Responding to Questions About the Experience at Mass

Most of the inconsistencies are things that can be personal preference and are not essential elements of the mass to be specified. I could address some of them, but they aren’t especially important in the big picture.

I think the more important comment I’d like to make is that I too have attended many different Latin Rite churches, in addition to studying theology for many years at a Latin Rite Seminary. Not every Latin Rite church mass is as close as you are making it seem. There are just as many variations in sitting, standing, kneeling (not all Latin rite churches even have kneelers!), some will say certain prayers in Latin, some in English. At some parishes, the sign of peace will be shared with those immediately surrounding a person quietly, and at other parishes, they’ll go across aisles and around corners to give the sign of peace to as many as possible. Some parishes will have more traditional songs, and some will have more modern songs. Some pastors choose to celebrate according to the Novus Ordo mass, and some will celebrate according to the Traditional Latin Mass. Some priests will face the congregation during the Eucharistic prayers and some will face the cross. Some parishes will have congregants in shorts and flip flops and no one bats an eye, and some will be filled with women wearing long dresses and veils.

My point is that there is just as much variation at Latin Rite churches as there seems to be at Chaldean Churches. And all of these variations are valid. There is diversity as well as universality in the Catholic Church, as well as within each branch of the Catholic Church, and this is what gives it beauty.
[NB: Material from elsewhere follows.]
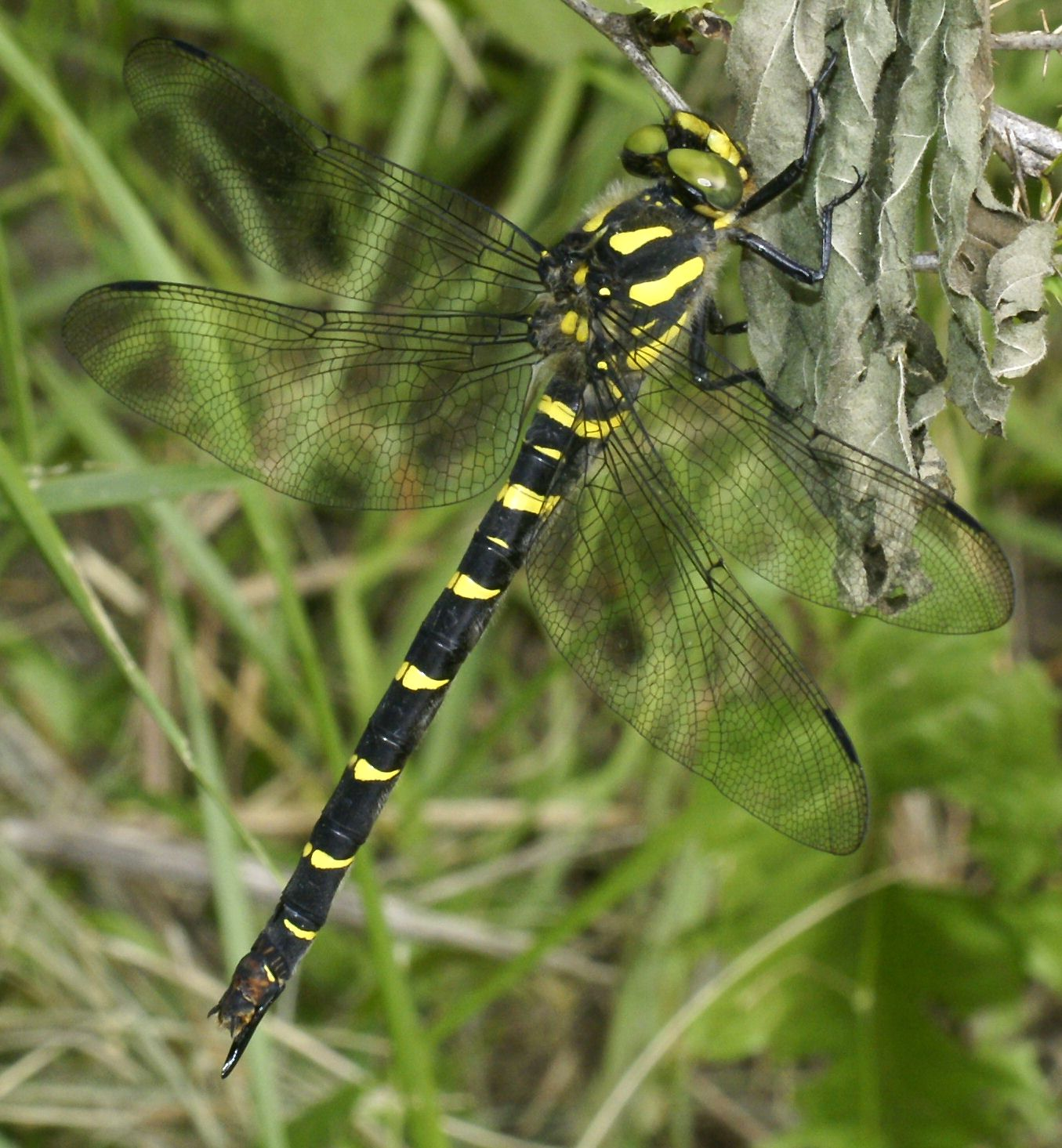 Cordulegaster bidentata, found between Kalpetran and Embd (VS, Switzerland)

Rather than be absolutely uniform, it allows for some amount of variation, because the Church is made up of a diverse group of people, with different needs, and different cultural backgrounds.

If you ask me, it would be pretty boring without all this flavor

– Kristina Awdish

 

Thank you

Many thanks to Congressman John Moolenaar for his compassionate recent article in the Chaldean News. He correctly points out the hardship to our community when deporting Chaldeans who may have committed offenses decades ago, but have since built a law-abiding life, especially if they have U.S. born spouses and kids. We should all thank him for his efforts in introducing a bipartisan House resolution calling for the end of those detentions. I would also urge the Congressman to look at the source of the problem: a rather harsh immigration law enacted in 1996 where someone might be uprooted from his family and deported to another country he hardly knows. This might happen due to mistakes or conviction for offenses U.S. citizen might only get probation for. While the Chaldean community experienced the harshness of this law first hand, many others of different nationalities had been equally affected and suffered by it. Let’s be more compassionate to those who may have committed mistakes long time ago, but had since repented, paid their dues to society, and have since established a new, law-abiding life.

– N. Peter Antone

Many thanks!

I would like to thank the Chaldean News for recognizing the Chaldean Cultural Center (CCC) and the opening of its Museum as one of the main highlights of 2017 that affected the Chaldean community.  It was a long time in coming but our goal was to make it a true, credible museum with state of the art exhibits and media.  I would like to just clarify a point.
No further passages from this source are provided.